The getMessages method is used when we want to remove all the messages currently in the channel, from the head to the tail:

public Enumeration getMessages() {
  Transaction txn = null;

  try {
     txn = createTransaction();

     // read tail & remove head
     int end = readTail();
     Index head = takeHead(txn);
     int start = head.position.intValue();
     if (end < start) {
        return null;
     }

     // retrieve messages from head to tail
     Vector messages = new Vector();
     for (int i = start; i <= end; i++) {
        ChannelMessageEntry message = getMessage(i, txn);
        if (message != null) {
           messages.addElement(message);
        }
        head.increment();
     }

     writeHead(head, txn);

     txn.commit();
     return messages.elements();
  } catch (Exception e) {
    if (txn != null) {
       try {
          txn.abort();
       } catch (Exception e2) {
         ; // failed to abort
       }
    }
    System.err.println("Failed reading messages");
    e.printStackTrace();
    return null;
  }
}

The method first creates a transaction, under which it will perform all of its space operations. This ensures that the channel will be left in a consistent state even if partial failure occurs.

Next, getMessages calls readTail, to determine the sequence number of the last message currently in the channel, and takeHead, which removes the head index from the space. You may be wondering why we remove the head from the space but just read the tail. By removing the head, we're ensuring that this is the only process removing messages from this channel for the time being.
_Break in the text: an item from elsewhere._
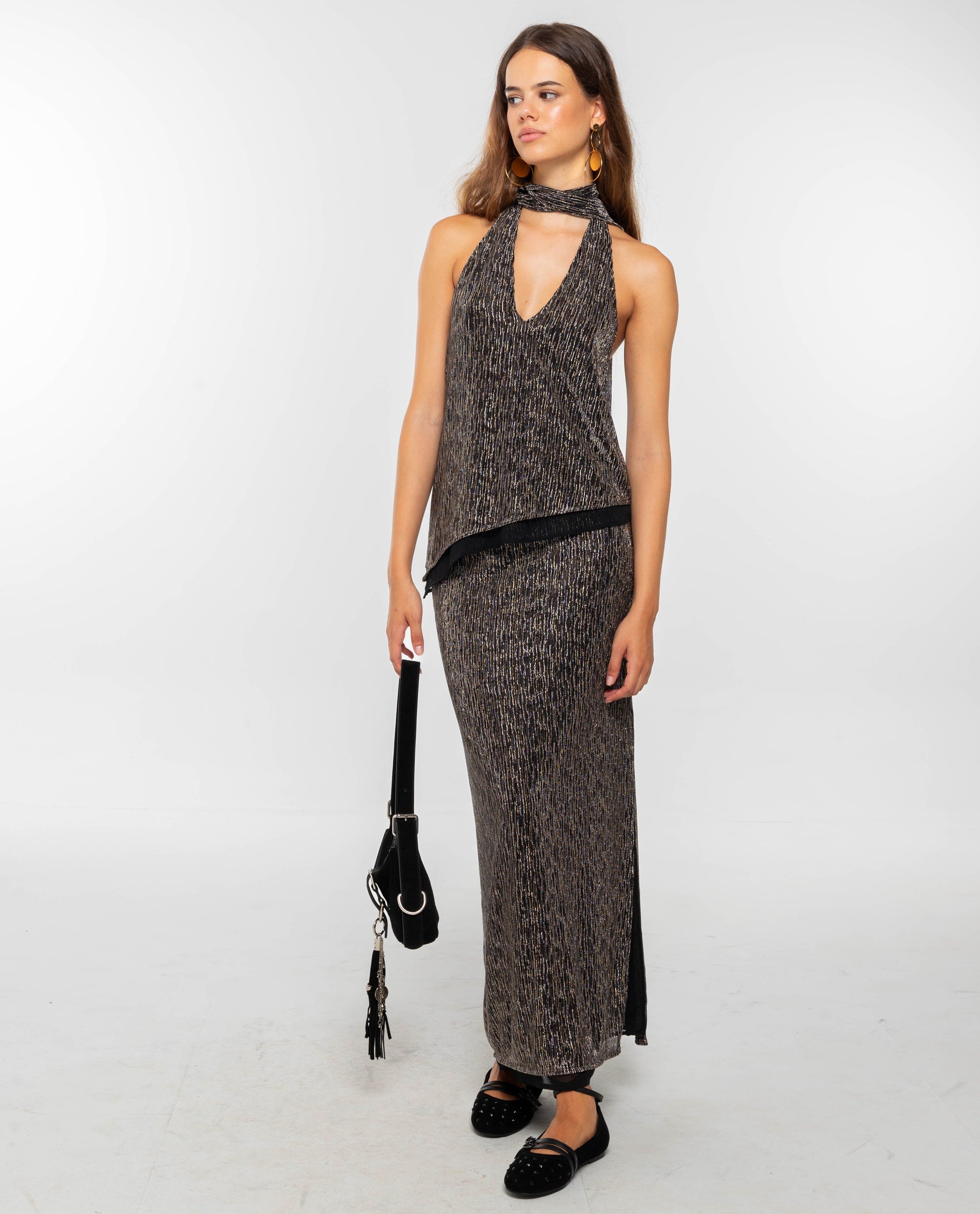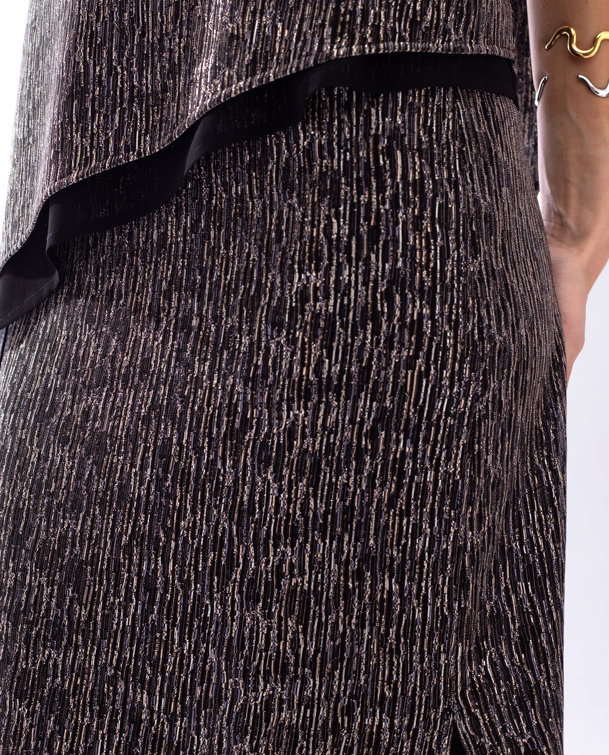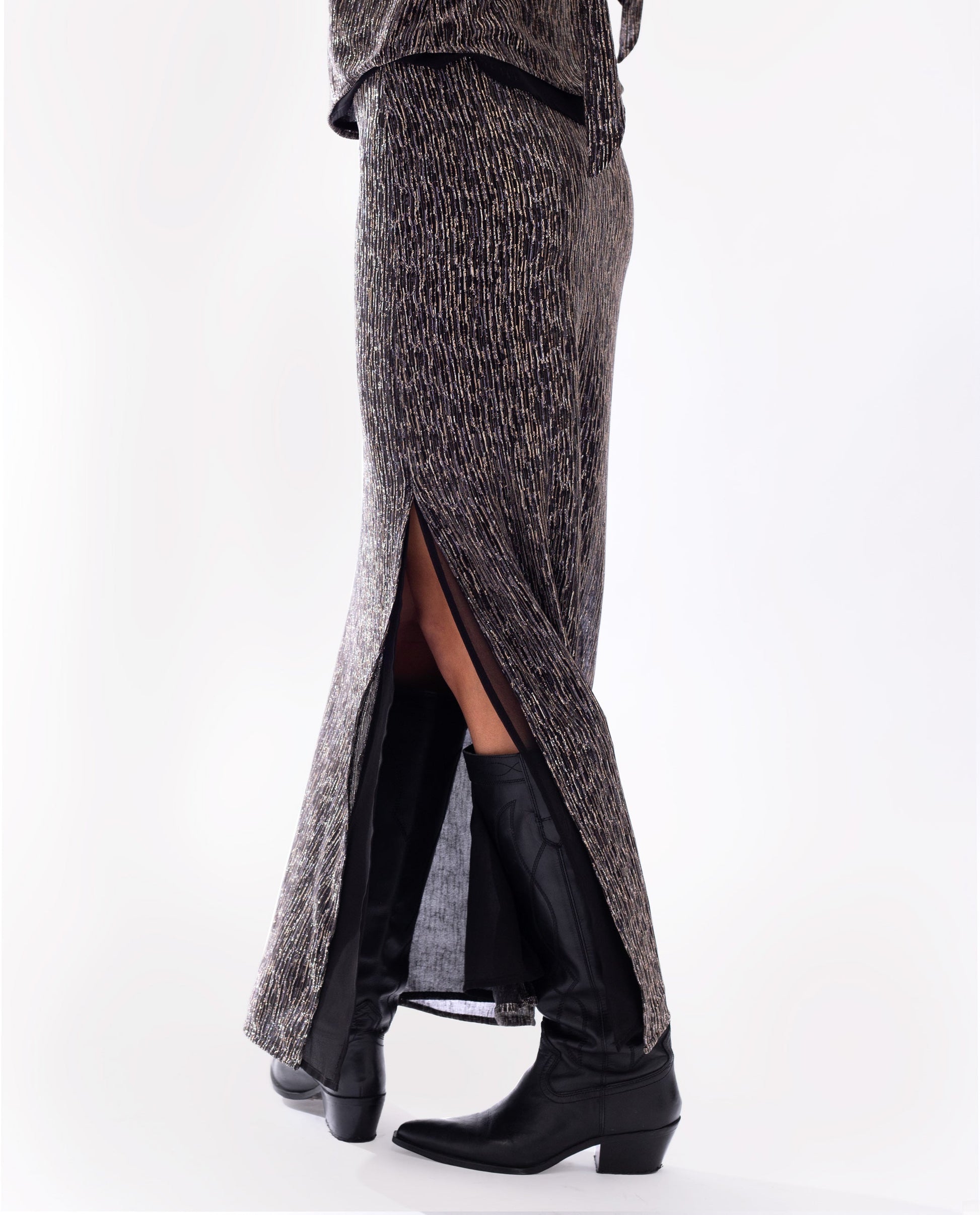 Falda midi con brillo.[readmore]Este conjunto será tu aliado para los planes más especiales. La clave está en la versatilidad: puedes llevar cada pieza en conjunto o separada para lograr diferentes looks. Confeccionada en un tejido semitransparente con brillos en negro, dorado y plata, esta falda recta tiene una abertura lateral y el forro más largo, creando un efecto de superposición. Lleva goma elástica en la cintura para un ajuste cómodo y perfecto. Es la elección ideal para lucir sofisticada en estas fiestas.

We don't need to remove the tail, because there's no reason other processes can't append new messages to the channel even as we're removing and displaying older messages.

Next we compare the position numbers of the head and tail; if the tail is less than the head, then the channel is empty and we return null. Otherwise, we iterate through the sequence numbers from the head to the tail, calling getMessage to remove each message from the channel and adding it to a vector called messages. As we consume each message, we increment the head index. Once we've consumed them all, we write the head back into the space; its position will be one greater than the tail we recorded (which means the channel will be empty, unless other processes have appended messages to it as we've been busy removing messages). Finally we commit the transaction and return the vector of messages (which will be displayed to the messenger console, as we'll see shortly).

Note that the whole sequence of operations to remove channel messages is performed within a try / catch clause. If any exceptions occur, we check to see if a transaction has already been created and, if so, we explicitly abort it.